# Chainring bolts for converting double to single



## Buonarroti (Mar 19, 2004)

I have a Ritchey WCS double road crank 48/34. I just took off the 48T outer chainring and moved the 34T chainring to the outside so I can use it as singlespeed. Problem is that now the chainring bolts are too long since I'm not using both chainrings. Are there shorter chainring bolts available? I'm new to this singlespeed stuff and any help will be appreciated.


----------



## hollister (Sep 16, 2005)

Buonarroti said:


> I have a Ritchey WCS double road crank 48/34. I just took off the 48T outer chainring and moved the 34T chainring to the outside so I can use it as singlespeed. Problem is that now the chainring bolts are too long since I'm not using both chainrings. Are there shorter chainring bolts available? I'm new to this singlespeed stuff and any help will be appreciated.

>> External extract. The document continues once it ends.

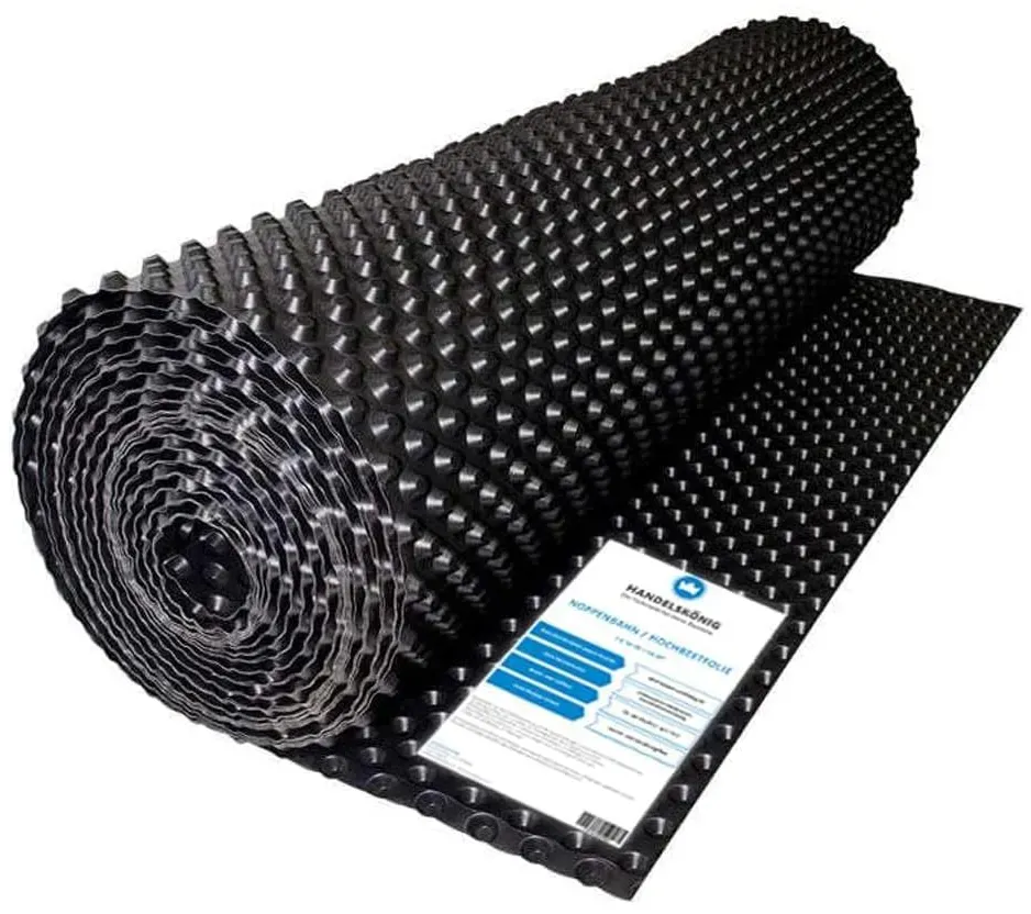 Kategorie: Baumaterial - Handelskönig - GTIN:4251343634827 - ANWENDUNGSBEREICH: Grundmauerschutz, Bauwerkdrainage, Dichtungsbahn in Wänden und Decken, Abdichten von Grünflächen auf Dächern, zum Bau von Hochbeeten. TECHNISCHE DATEN: Stärke: ca. 0,5 mm, Breite: 150 cm (+/- 3 % Toleranz), Länge: 20 m, Noppenhöhe: ca. 6 mm, Luftvolumen zwischen den Noppen: ca. 5,3 l/m3. EIGENSCHAFTEN: wurzelfest, verrottungsfest, chemikalienbeständig, trinkwasserunbedenklich, beständig gegen Pilz- und Bakterienbefall, B2 nach DIN 4102. Farbe: schwarz. EXPERTEN TIPP: Diese Noppenfolie ist frei von Weichmachern und somit sehr gut geeignet als Hochbeetfolie. TOP QUALITäT: Die Noppenbahn hat eine hohe beständigkeit gegen Feuchte und ist trinkwasserunbedenklich. - 37,90 Euro bei Amazon Marketplace Home Improvement - gefunden von billiger.de Diese Noppenfolie bietet eine robuste Qualität (400g/m²) für Mauerschutz und Drainage auf einer großen Fläche von 30 m² zu einem attraktiven Preis. ![]() ![]() Noppenfolie Mauerschutz Noppenbahn Grundmauerschutz Drainagebahn Grundmauerfolie 400g/m2 (1,5m (breit) x 20m (lang))
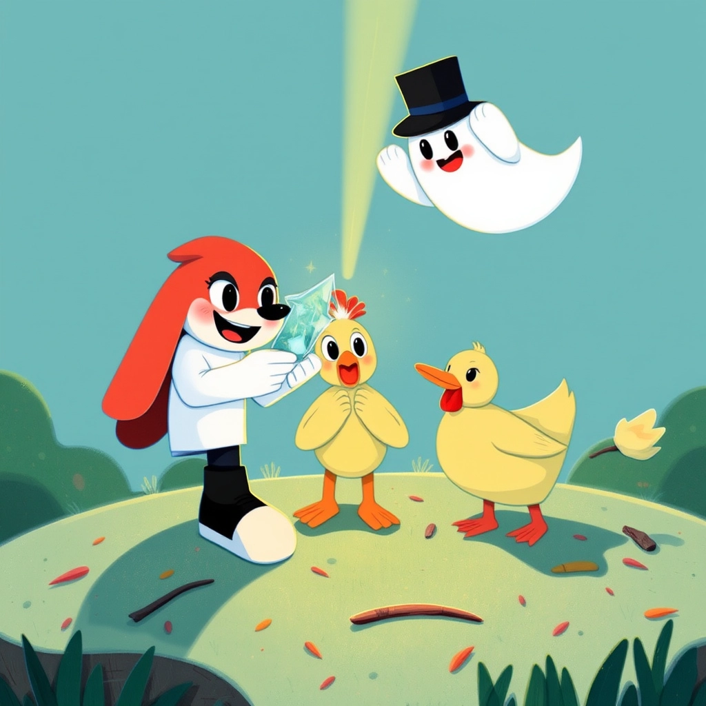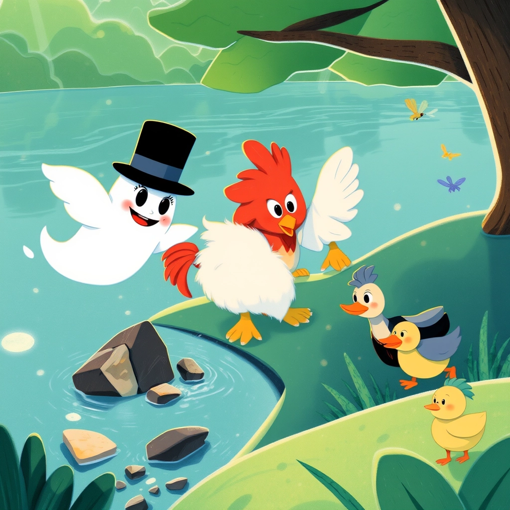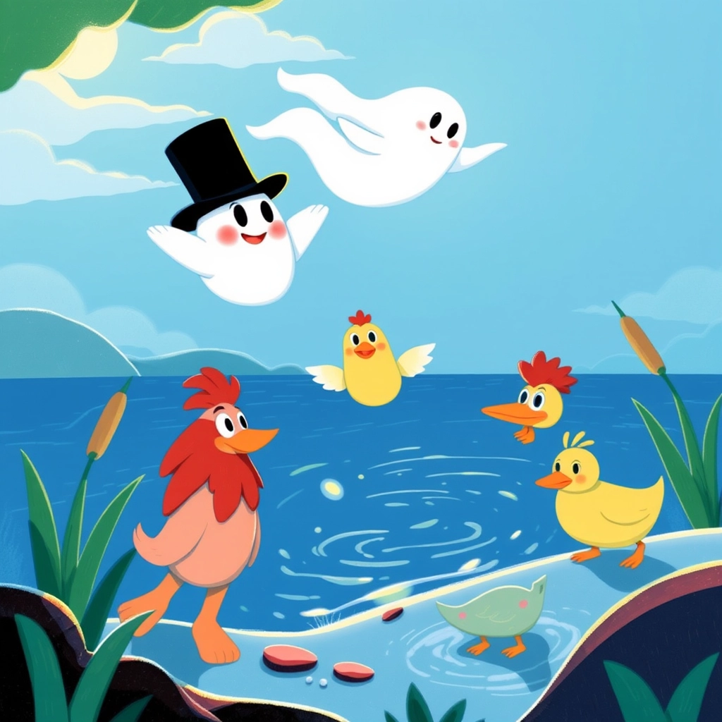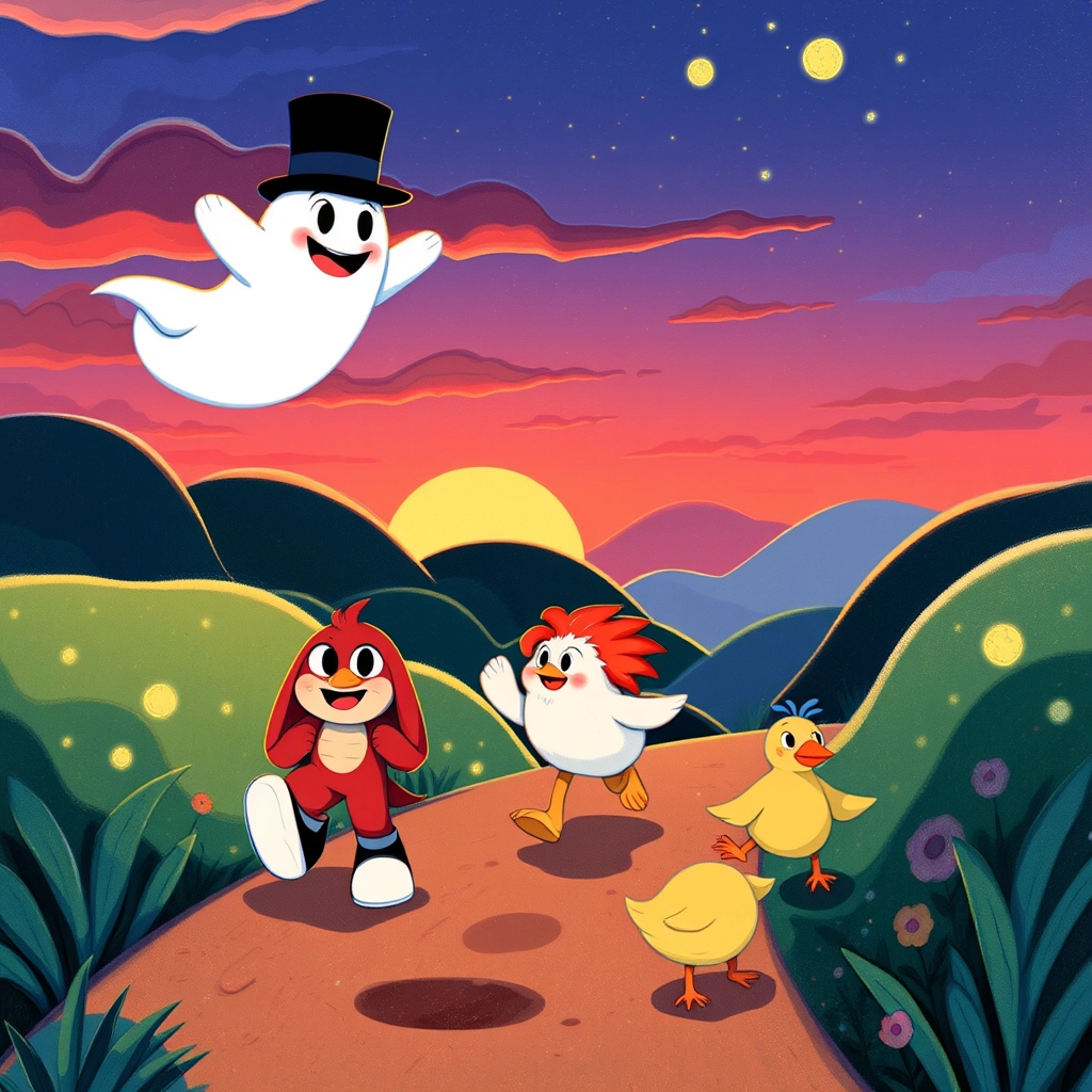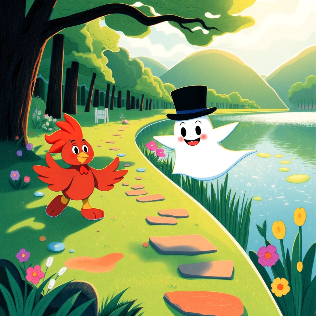 Once upon a time, a friendly ghost named [Knuckles](JBB26P76) and his best friend [Rodney](K2VZ75LR) the chicken went for a walk along the shimmering blue lake. The air was filled with the chirping of crickets and the rustling of leaves. [Rodney](K2VZ75LR) clucked happily, flapping his wings as [Knuckles](JBB26P76) floated beside him with a big grin. They loved exploring nature together!

go to you LBS and ask for either some bmx chainring bolts, or chainring spacers


----------



## Pudgerboy (Nov 17, 2006)

this sort of thing do ya? (It's in the UK though!)

short chainring bolts


----------



## pahearn (Feb 17, 2006)

...or Harris in the US: http://harriscyclery.net/itemdetails.cfm?ID=680


----------



## SSteve F (Jan 15, 2004)

hollister said:


> go to you LBS and ask for either some bmx chainring bolts, or chainring spacers


...or derailleur hanger bolts


----------



## Zanetti (Sep 18, 2005)

BMX chainring bolts, single ring chainring bolts, track chainring bolts..... They're found under multiple names.


----------



## Buonarroti (Mar 19, 2004)

Yep, those are exactly what I'm looking for. Thanks for the input, fellas.


----------



## Pudgerboy (Nov 17, 2006)

A dedicated singlespeed chainring will have non ramped teeth which holds the chain a bit better that a chainring designed for shifting. My Salsa 32t chainring is thicker and allows the use of the standard chainring bolts on the outer position. The other option is to use a bashguard on the outer and run the chainring on the middle. But again, the bolts are probably the cheapest option.


----------



## ferday (Jan 15, 2004)

actually the cheapest method is to go to the hardware store, and buy 50 cents worth of washers. you only need a pretty thin washer to make up the difference, i use them and works fine.


----------



## Buonarroti (Mar 19, 2004)

When I first bought the Ritchey WCS crank, I was allowed to exchange the chain rings with non-ramped versions. It was because I was using a seven speed cassette with a 9-speed chain, and XT thumbshifters. I've been running that combo for about three years with absolutely no problems. I've heard on these forums that non-ramped chain rings work better as a singlespeed, so therefore I unknowingly was set to run it as a singlespeed if I chose to. Anyhow, I went to the LBS and got several smaller bolts. I actually bought another set for my road bike, which is also going single.


----------



## pcxmbfj (Apr 7, 2006)

*Triple to single conversion.*

I removed the middle and granny on my Rhino cranks. I had to turn the big ring over so the indention around the bolt holes were down onto the spider. The bolts inserted on the flat side of the bolt holes and not recessed into the ring so they snugged down without a ring on the other side.


----------